DATA>
.....

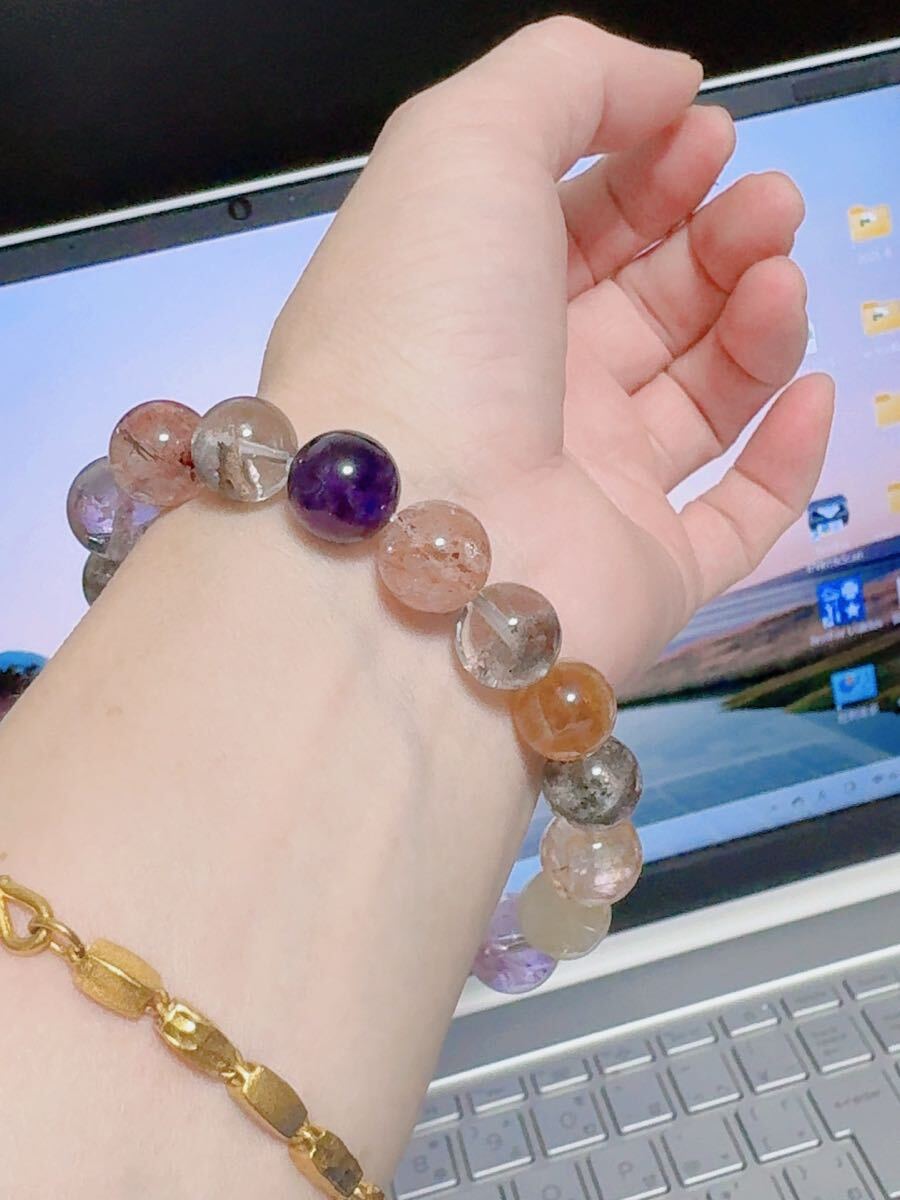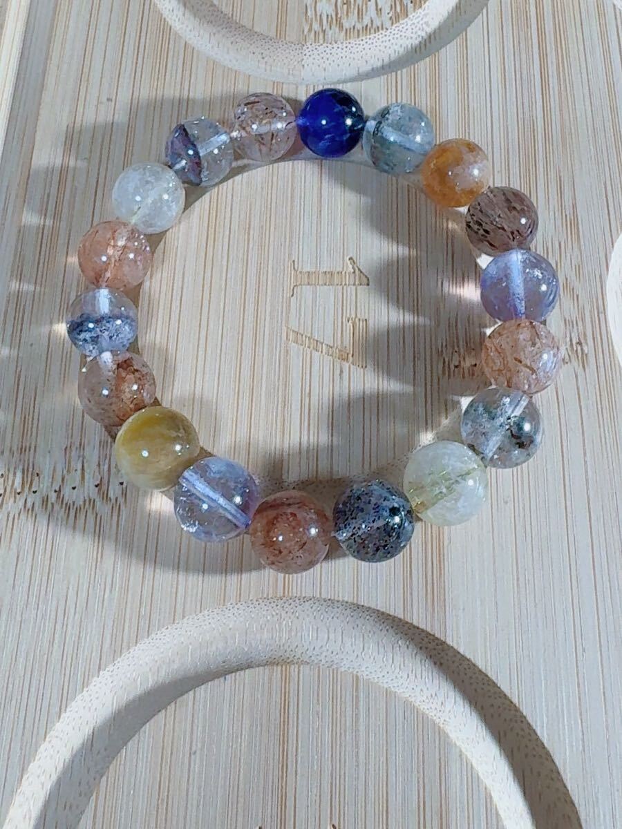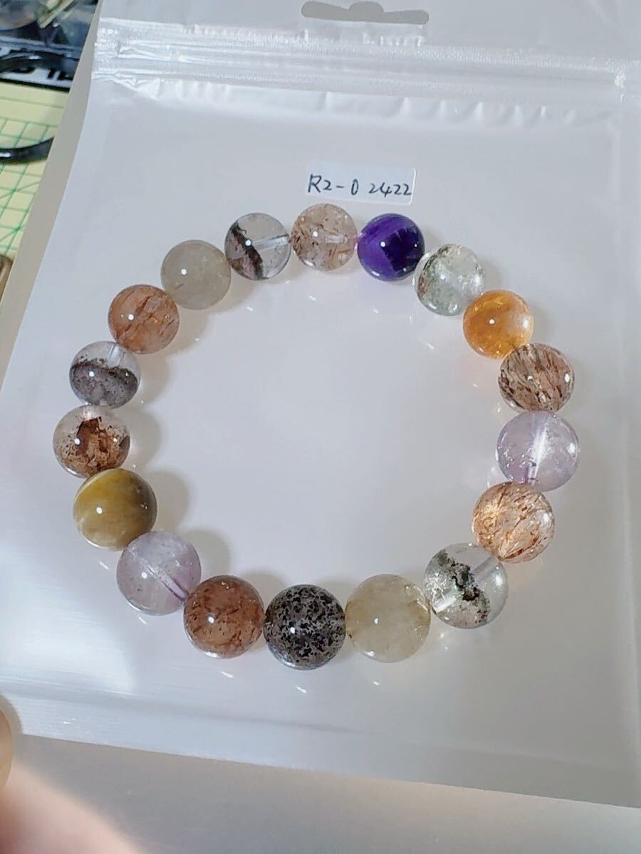R2-02422天然水晶 一点物 スーパーミックス水晶 ブレスレット17cm 天然石 スーパーセブン 開運 幸運 パワーストーン
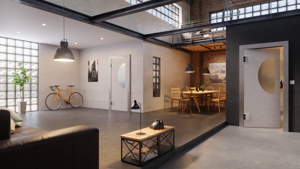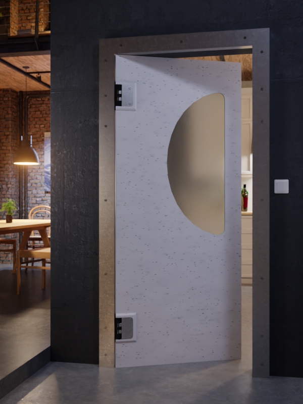 Dynamiczna drzwi wahadłowe z tworzywa sztucznego z przeszkleniem i zaokrąglonymi krawędziami:
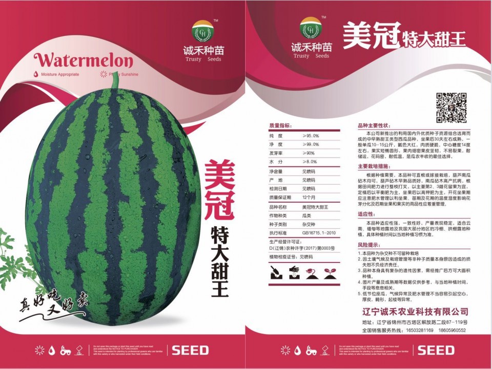 本公司新推出的利用国内外优质种子资源组合选育而成的中早熟甜王类型西瓜品种,坐果后30天左右成熟,一般单瓜10-15公斤,瓤色大红,肉质硬脆,中心糖度14度左右,果实短椭圆形,果肉细密果皮坚韧,不易裂果,耐储运,花码密,耐低温,是瓜农丰收的最佳选择,
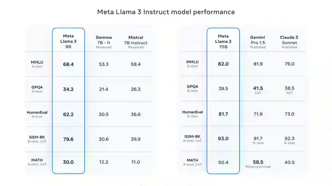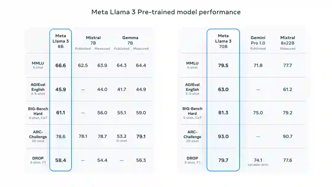 Llama-3之所以能够取得如此出色的成绩,离不开它预训练模型的优异性能。在众多基准测试中,8B模型超越了Mistral 7B和Gemma 7B,70B模型则战胜了Gemini Pro 1.0和Mixtral 8x22B。

.....

WHAT THE TASK ASKS> With the pictures omitted, reproduce the data above exactly.

EXERCISE ANSWER>
R2-02422天然水晶 一点物 スーパーミックス水晶 ブレスレット17cm 天然石 スーパーセブン 開運 幸運 パワーストーン
 Dynamiczna drzwi wahadłowe z tworzywa sztucznego z przeszkleniem i zaokrąglonymi krawędziami:
 本公司新推出的利用国内外优质种子资源组合选育而成的中早熟甜王类型西瓜品种,坐果后30天左右成熟,一般单瓜10-15公斤,瓤色大红,肉质硬脆,中心糖度14度左右,果实短椭圆形,果肉细密果皮坚韧,不易裂果,耐储运,花码密,耐低温,是瓜农丰收的最佳选择,
 Llama-3之所以能够取得如此出色的成绩,离不开它预训练模型的优异性能。在众多基准测试中,8B模型超越了Mistral 7B和Gemma 7B,70B模型则战胜了Gemini Pro 1.0和Mixtral 8x22B。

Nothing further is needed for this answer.